Menurut Todung, pelanggaran terjadi pada proses penyelidikan, penyidikan, hingga peradilan. Dalam proses penyelidikan, kata dia, terdapat kesalahan pada hukum acara secara fundamental dalam memahami pelanggaran tindak pidana. Tim kuasa hukum Chevron Pacific Indonesia telah menyampaikan hal itu kepada Kejaksaan Agung. Ia pun menyebut hal itu sebagai kriminalisasi terhadap kasus perdata.
Ia menjelaskan, dalam hukum pidana dikenal adanya equality of arms atau azas keberimbangan. Todung menuturkan, jaksa dan pembela harus seimbang dalam menjalankan hak serta kewajiban. Ia menyebut jaksa memiliki waktu berbulan-bulan untuk melakukan persiapan, sedangkan pengacara Chevron Pacific Indonesia tidak diberi jangka waktu yang sama.
"Kami tidak bisa mengajukan semua ahli yang kami inginkan, sedangkan jaksa bisa," kata Todung. Ia mengatakan ada diskriminasi dari pihak pengadilan dalam memberi hak kepada kuasa hukum para terdakwa. Ia menuturkan, saat ini proses persidangan masih berjalan dan pihak keluarga yang diadili meminta Komnas HAM memberi keterangan pada persidangan di pengadilan.

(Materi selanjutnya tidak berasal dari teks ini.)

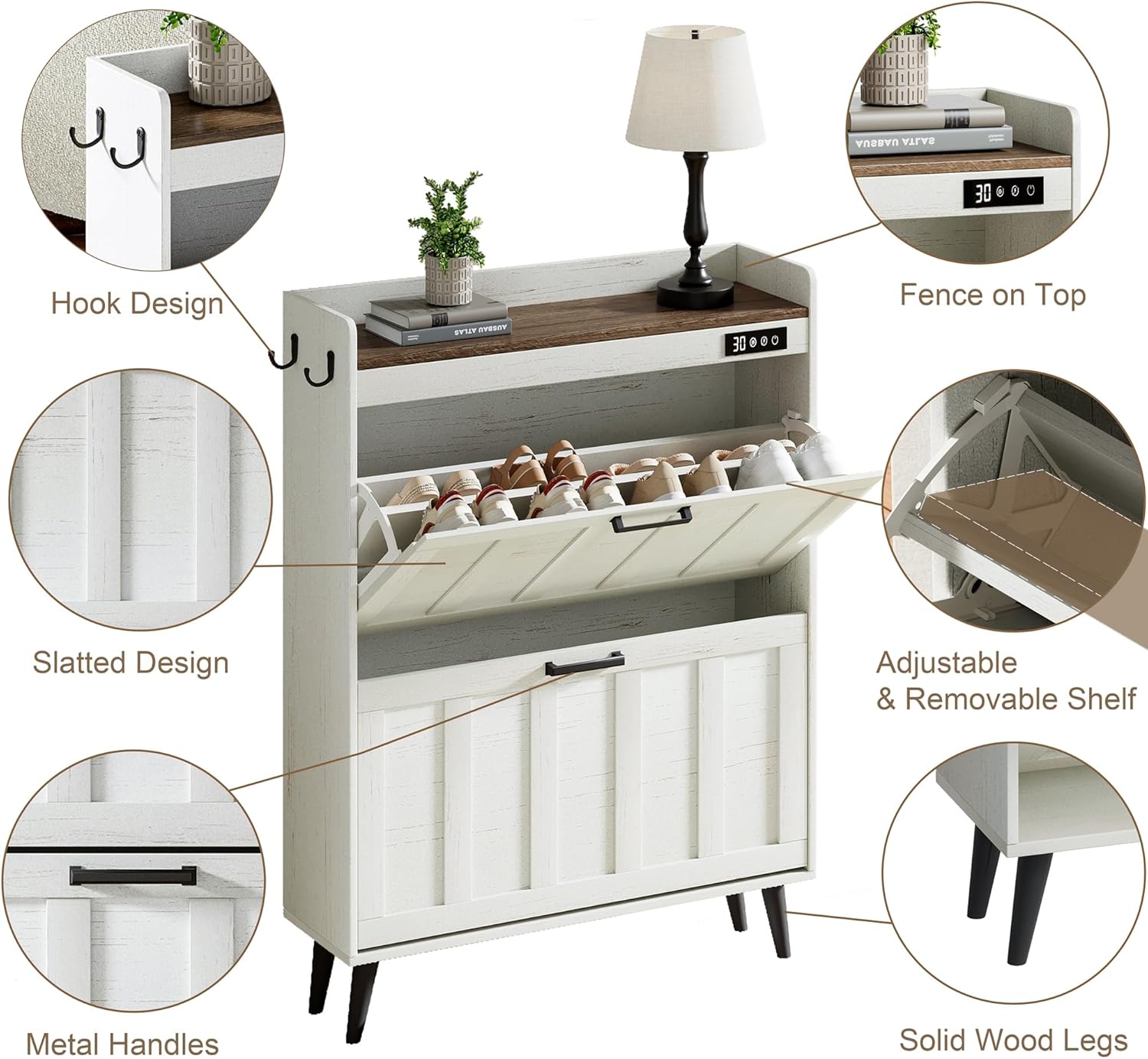 ChooChoo Shoe Storage Cabinet with 2 Flip Drawers, Deodorizing Shoe Organizer Storage for Entryway, Freestanding Hidden Slim Narrow Shoe Rack Cabinet, Antique White & Brown

Todung mengungkapkan, seorang karyawan Chevron Pacific Indonesia, Bachtiar Abdul Fatah, dalam putusan praperadilan dinyatakan belum menjadi tersangka. Oleh karena itu, kata dia, seharusnya Bachtiar tidak bisa disentuh hukum. "Tapi dalam proses berjalan, Bachtiar dijadikan tersangka dan ditahan," ucapnya. Ia menyebut kejaksaan memproses kasus Bachtiar tanpa menghormati putusan praperadilan.